**Problem details**
Begin at the line with "Watches with dials" and output every line through the end of the records, exactly as given. Omit pictures.

- - - -

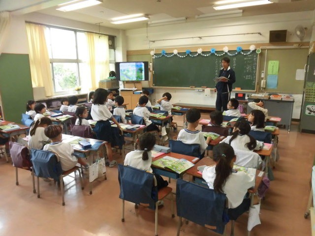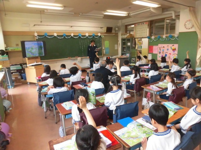 1年生の授業は国語です。教科書を開いて、挿絵から分かることを挙手して発表しています。
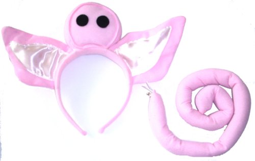-. Feature : Pig ears headband with attached pig snout / Curly wired pig tail / Felt and satin fabric / Nothing goes on the face
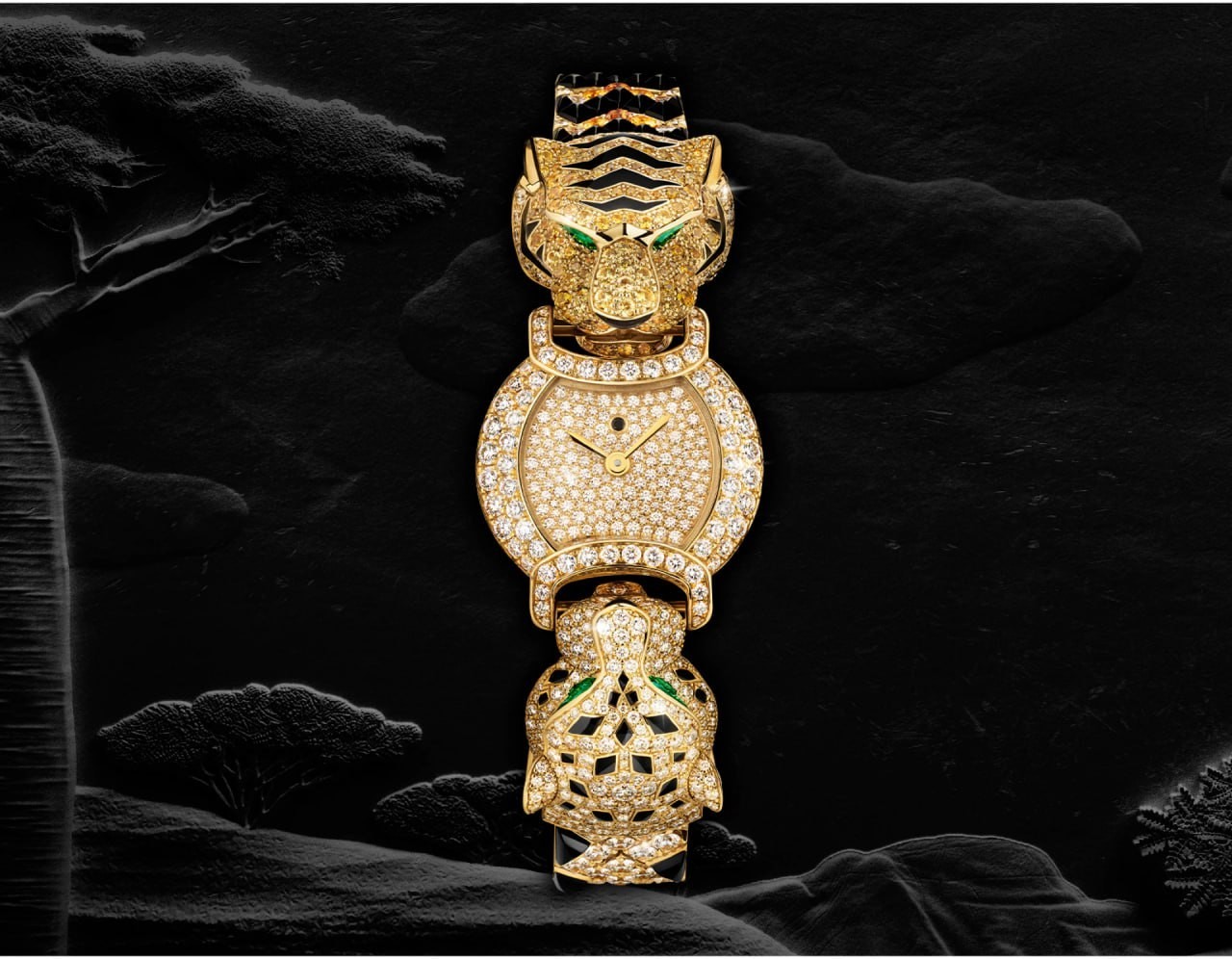 Watches with dials showcasing shagreen-set diamonds, bitten on one side by a panther, and on the other by a tiger, the heads of which are movable.
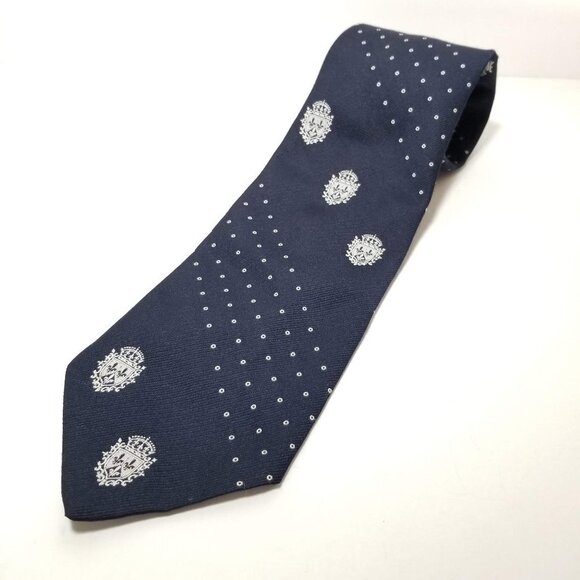 Vintage Excello Tiffany Collection crest embroidery tie navy 4.25" wide 55" long
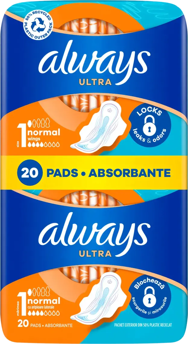 Гігієнічні прокладки Always Ultra Normal (Розмір 2) з системою InstantDry миттєво вбирають вологу і утримують її всередині, забезпечуючи до 100% захисту і впевненості. Гігієнічні прокладки Always Ultra оснащені технологією нейтралізації запаху, яка блокує неприємний запах, а не просто маскує його. Гігієнічні прокладки Always Ultra товщиною всього 3 мм дарують комфорт і забезпечують неперевершений захист під час менструації. Залишайтеся під надійним захистом, як би активно ви не рухалися.

- - - -

**Response to the exercise**
 Watches with dials showcasing shagreen-set diamonds, bitten on one side by a panther, and on the other by a tiger, the heads of which are movable.
 Vintage Excello Tiffany Collection crest embroidery tie navy 4.25" wide 55" long
 Гігієнічні прокладки Always Ultra Normal (Розмір 2) з системою InstantDry миттєво вбирають вологу і утримують її всередині, забезпечуючи до 100% захисту і впевненості. Гігієнічні прокладки Always Ultra оснащені технологією нейтралізації запаху, яка блокує неприємний запах, а не просто маскує його. Гігієнічні прокладки Always Ultra товщиною всього 3 мм дарують комфорт і забезпечують неперевершений захист під час менструації. Залишайтеся під надійним захистом, як би активно ви не рухалися.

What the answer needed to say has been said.